But it was by no means an easy task to research and write Woody. Although a fixture of New York culture and an enigmatic celebrity since the mid-1960s, Allen has been an elusive, reclusive figure -- despite being the occasional target of tabloid fodder.

A man who doesn't want to be noticed probably shouldn't live in the city that he has so adoringly romanticized in such films as Annie Hall, Manhattan, and Radio Days. Allen's movies are time capsules of a bygone New York even though the man who made them is as relevant as ever.

Allen has nearly always been reluctant New York royalty. Yet, he has had a curious way of going about his anonymity. Season tickets to the Knicks and weekly jazz band gigs at the Carlyle Hotel, an infamously publicized child custody lawsuit against Mia Farrow, fending off unproven charges (http://www.cnn.com/2014/02/07/showbiz/woody-allen-dylan-farrow-letter/) of child molestation, and a lawsuit against one of his closest friends and former producer (http://articles.latimes.com/2002/jun/12/business/fi-woody12), along with writing and directing a film a year, made it nearly impossible for Allen to have circumvented the bright lights of his public persona.

He has remained a New York character worthy of the parts he has played in his own films (many believe he has cast himself in so many of his movies precisely because he wouldn't need to do much acting), and yet there have been few biographies written about him. Never has he had much interest engaging with the masses -- whether in person, or at the box office (so few of his forty-seven movies drew large audiences). He has remained a boutique filmmaker -- a steady workhorse making relatively low-budget movies featuring A-list actors who are willing to forgo their usual fees just to appear in one of Allen's films.

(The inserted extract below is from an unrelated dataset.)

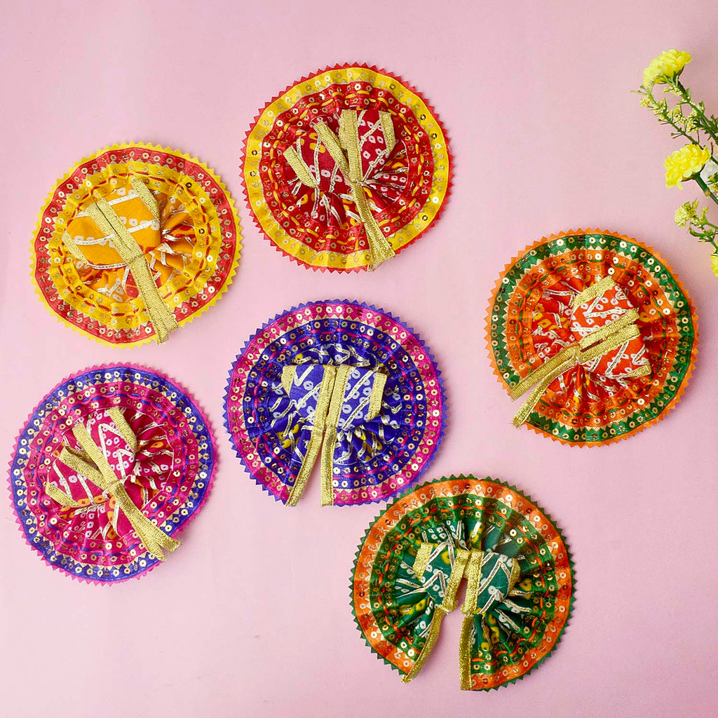 Add a splash of cultural beauty to your pooja rituals with this captivating Bandhani print Laddu Gopal dress. Inspired by timeless Indian textile traditions, this delightful attire features traditional bandhej patterns and an array of vivid colours, perfect for Janmashtami, daily darshan, or festive occasions.

He famously has not attended the Academy Awards (nominated twenty-four times), never having personally claimed any of the Oscars he has received. He rarely speaks to the press or cooperated with any of the very few biographies written about him. (He only marginally assisted with this one.)

But Allen has been coming out, as of late. PBS devoted an American Masters profile on him. And he has had a string of recent film success with Midnight in Paris and Blue Jasmine. It appears to be the right moment for yet another look into the godless, existentially preoccupied world of Woody Allen. Evanier's Woody, arguably the best of the lot, does a terrific job of pinning him down and truly fleshing him out.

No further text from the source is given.